KOPPLIN: And this is Kara. I’d like to add that the standards that have been developed for testing cushions also give one more tool in that toolkit in the clinical decision-making process. So, you should always ask for the data behind the claims for the cushions or seating systems that you’re looking at.
PAULIN: Well, this was all great. Do any of you have any other suggestions or resources to share with our listeners today to help further grasp the funding or the HCPCS codes?
ENDSJO: No. I think that the last thing that I’d like to leave you with is that I get asked a question very very often. And because I work in settings that do not have funding, so I work mostly with nursing home settings, and I do get asked that question all the time, Why should I go and buy the $250 cushion when there’s one right here that’s $30? So, I’m really hoping that with Kara’s explanation of how much on the engineering side, you know, we actually have to do to be able to create a product that can help immerse and envelop and all the things that it actually has to have inside of it, I’m hoping that that question is answered. Yes, there is a huge difference and, yes, someone with all the risk factors that have been mentioned deserves a product that is built to withstand all of those risk factors and really protect that person.

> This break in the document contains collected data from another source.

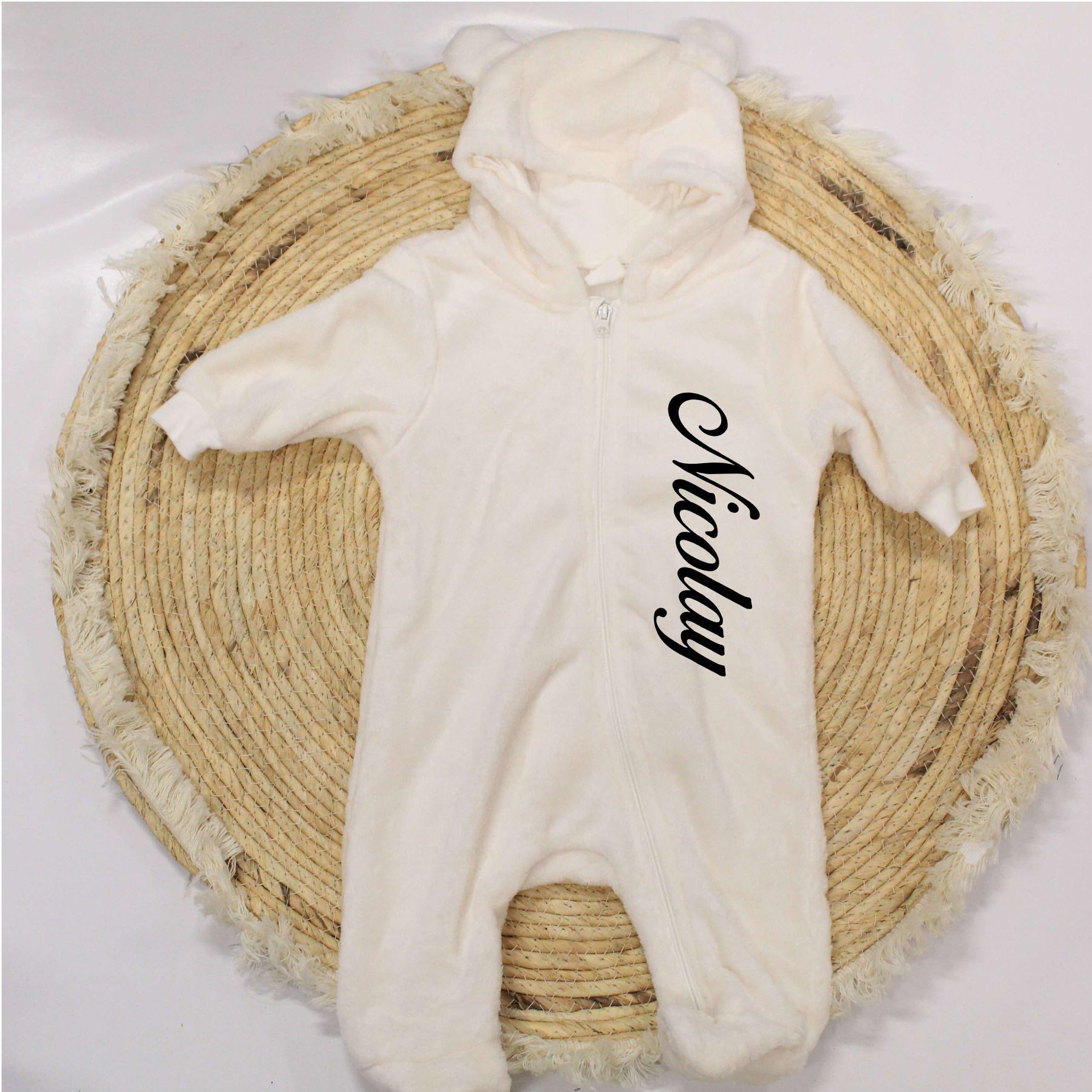 Een super schattig wit/creme teddy pakje met naam gedrukt in kleur naar keuze.
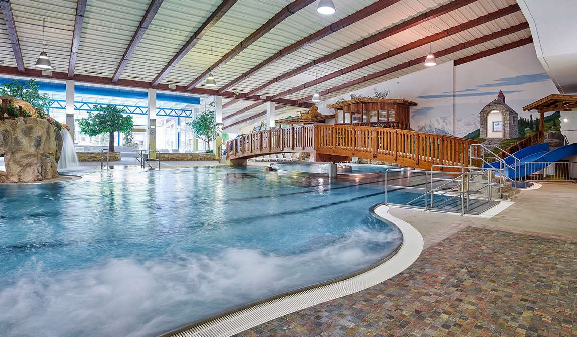 Secondly, after the frost it is so nice to warm up in the pools of the Freizeit Arena Complex. There is a paddling pool for children in the complex, but wouldn't it be interesting for a child to swim with their parents in an artificial cave or under a waterfall? Freizeit Arena also has indoor sports facilities, tennis courts and bowling alleys.
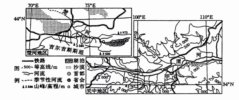 (福建卷)下图示意关中地区和楚河地区。阅读图文材料,完成下列问题。(12 分)
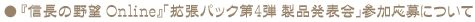 『信長の野望 Online』開発チームでは、現在「争覇の章」に続く拡張パックを鋭意制作中です。この度、その内容を皆様にお知らせする機会として『信長の野望 Online』「拡張パック第4弾 製品発表会」を開催する運びとなりました。
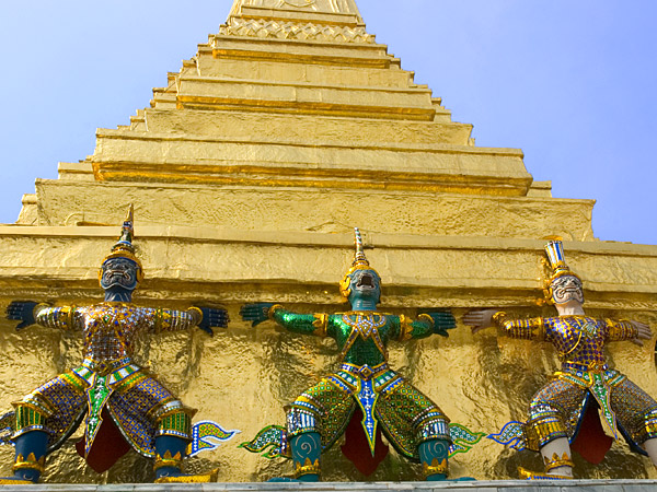 Here is also The Monastery of the Emerald Buddha; the private chapel of the royal family. That is why no monks live in monastery, but it is open for visitors and praying Buddhists. It is like an explosion of glitter, gold and mirror dressed statues. A lot of restoration is going on. With a
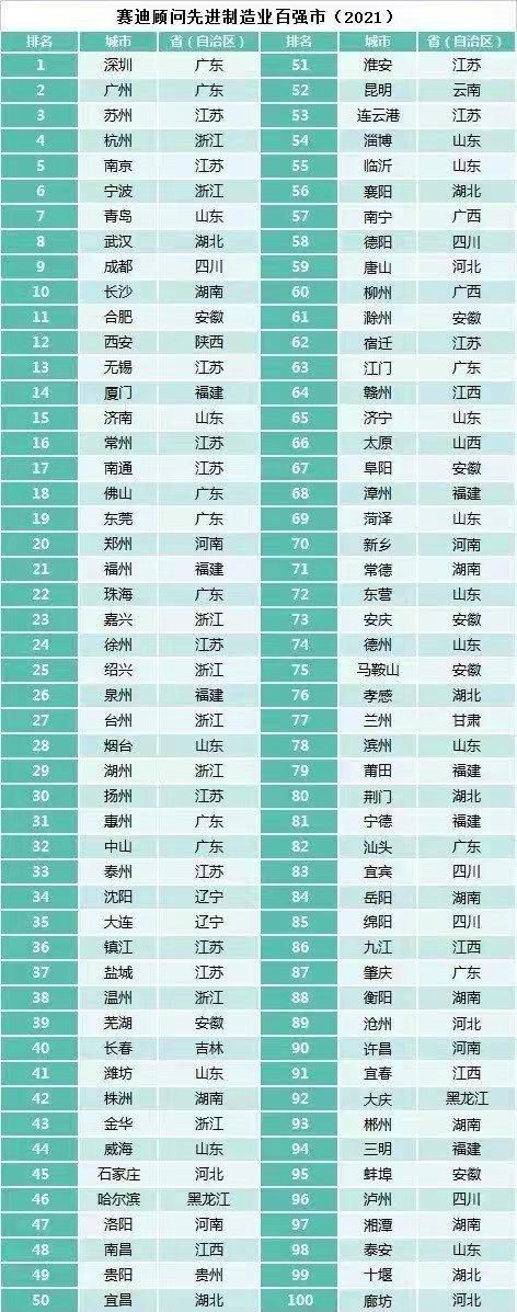 前段時間,賽迪顧問對全國293個地級市的先進制造業發展情況進行了系統研究和綜合評估,發布了《賽迪顧問先進制造業百強市(2021)》,根據榜單可以看到,目前我國先進制造業前十強依次是深圳、廣州、蘇州、杭州、南京、寧波、青島、武漢、成都和長沙。
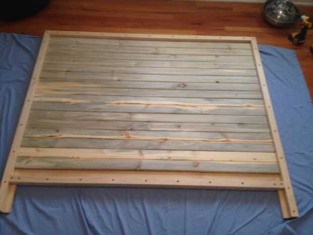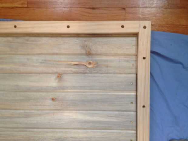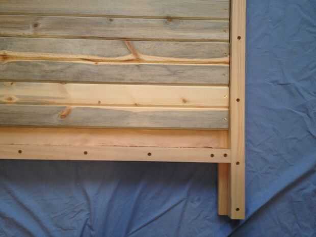 Si cuidado con el pegamento de SAI, el pino selecto requiere lijado de acabado poco. Antes de colocar el cabecero en el marco de la terminé todas las piezas con 3 capas de brazo-R-Seal.
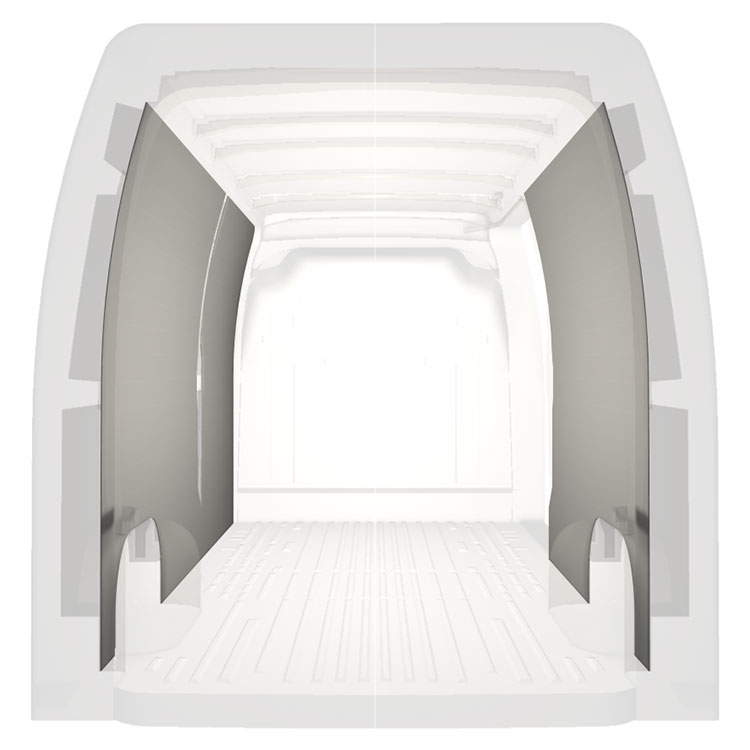 Den färdigskurna beklädnaden är designad för att täcka hela fordonets innerväggar och monteras med skruv.

MULLIS: Yeah, and I would also just guide people to the NPIAP resource site and download or order the wheelchair seating pocket guide. As we mentioned in Part 1 of our podcast, it’s a great resource to really tie the practice guidelines to clinical practice and gives really practical suggestions as well.
KEELER: Well, that’s all for today and thank you to Ana, Stacey and Kara once again for being with us and sharing your wealth of knowledge on RN Huddle.
ENDSJO: Thank you for having us.
KEELER: We will link the resources on RN Huddle and, listeners, please be sure to visit the NPIAP site for a plethora of resources, as mentioned, and to listen to other podcasts surrounding pressure injury prevention. Listeners, if you want to hear more and have a request, please, visit the RN Huddle site where you can email us with any suggestions. We thank you for listening and stay tuned for more hot topics. Thank you.
KEELER: Wow, what an amazing discussion. Renée, Ana, Kara and Stacey thank you so much. You know, really talking about how you can prevent these wounds using different adaptive devices and, of course, it’s always helpful to know how the coding works and how you can get these resources to the patients who need them the most. So, thank you so much for this discussion. Thank you so much for this partnership, and I hope that you, out there in RN Huddle listener land, have enjoyed this as much as I have. So, thank you. Hopefully you’ll tune into another episode of RN Huddle.